Every intermediate value is immutable. The StringMap.add call returns a new map — the old one is untouched. In Python with dictionaries, you’d mutate in place and hope nobody else holds a reference. Here, immutability is the default and the compiler enforces it.

Fuzzy Matching via Edit Distance

Search queries contain typos. Cogitator handles this with Levenshtein edit distance — if a query term isn’t in the IDF vocabulary, it finds the closest match within edit distance 2:

let fuzzy_expand query_tokens idf =
  List.fold_left (fun acc qt ->
    if String.length qt < 4 then acc
    else if StringMap.mem qt idf then acc
    else
      let best = List.fold_left (fun (bw, bd) w ->
        let d = edit_distance qt w in
        if d < bd then (Some w, d) else (bw, bd))
        (None, 3) idf_words
      in
      match best with
      | (Some w, d) ->
        let weight = match d with
          | 1 -> 0.5
          | 2 -> 0.25
          | _ -> 0.0
        in
        if weight > 0.0 then StringMap.add w weight acc else acc
      | _ -> acc)
    StringMap.empty query_tokens

The match expression for distance-to-weight is cleaner than an if/else chain.
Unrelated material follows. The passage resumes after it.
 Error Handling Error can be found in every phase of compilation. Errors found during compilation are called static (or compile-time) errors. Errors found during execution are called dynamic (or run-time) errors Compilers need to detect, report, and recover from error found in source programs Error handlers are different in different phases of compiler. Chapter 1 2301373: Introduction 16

Pattern matching is one of those features that, once you have it, makes every language without it feel clumsy.

What OCaml Gave Me

Exhaustive pattern matching caught real bugs. The file_kind type is a variant:

type file_kind =
  | Code of string   (* language name *)
  | Markdown
  | Text

Every match on this type must handle all three cases. When I added Markdown as a third variant, the compiler flagged every function that didn’t handle it. In Python, I’d have found those bugs in production.

Composition replaced architecture. There’s no dependency injection, no strategy pattern, no abstract base classes. The tokenization pipeline is just function composition. The search is just tokenize → vectorize → cosine similarity → sort. Each piece is testable in isolation because there are no side effects to mock.
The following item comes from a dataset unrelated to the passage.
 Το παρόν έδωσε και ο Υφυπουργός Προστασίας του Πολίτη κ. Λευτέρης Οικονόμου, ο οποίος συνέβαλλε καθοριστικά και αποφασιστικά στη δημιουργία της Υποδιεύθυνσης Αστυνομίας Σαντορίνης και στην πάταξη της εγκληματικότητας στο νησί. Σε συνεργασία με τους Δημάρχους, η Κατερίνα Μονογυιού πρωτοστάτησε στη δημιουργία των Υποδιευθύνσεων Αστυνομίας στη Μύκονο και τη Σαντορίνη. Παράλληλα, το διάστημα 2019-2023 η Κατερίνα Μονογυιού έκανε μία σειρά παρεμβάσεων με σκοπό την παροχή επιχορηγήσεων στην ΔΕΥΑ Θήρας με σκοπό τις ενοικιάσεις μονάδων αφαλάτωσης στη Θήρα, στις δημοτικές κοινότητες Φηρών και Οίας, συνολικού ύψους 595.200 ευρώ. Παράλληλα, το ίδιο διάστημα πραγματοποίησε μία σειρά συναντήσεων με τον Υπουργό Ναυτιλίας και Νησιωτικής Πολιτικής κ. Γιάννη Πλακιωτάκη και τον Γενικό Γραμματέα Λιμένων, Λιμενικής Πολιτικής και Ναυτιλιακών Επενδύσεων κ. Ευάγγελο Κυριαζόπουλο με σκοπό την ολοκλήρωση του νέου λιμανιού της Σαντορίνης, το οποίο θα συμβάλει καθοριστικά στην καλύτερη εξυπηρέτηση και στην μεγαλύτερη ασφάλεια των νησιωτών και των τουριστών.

The type system made refactoring fearless. When I changed the search_result type from a tuple to a record, the compiler caught every usage that needed updating. I didn’t need to grep for call sites or run the test suite to find breakage.

The codebase is small — about 500 lines of library code. But it handles tokenization, stemming, TF-IDF indexing, cosine similarity search, fuzzy matching, result merging, cache persistence, and a REPL. In Python, that same feature set would be significantly more code, and I’d have less confidence that it all fits together correctly.

OCaml isn’t the right tool for everything. But for data transformation pipelines where correctness matters and the domain is well-defined, it’s hard to beat.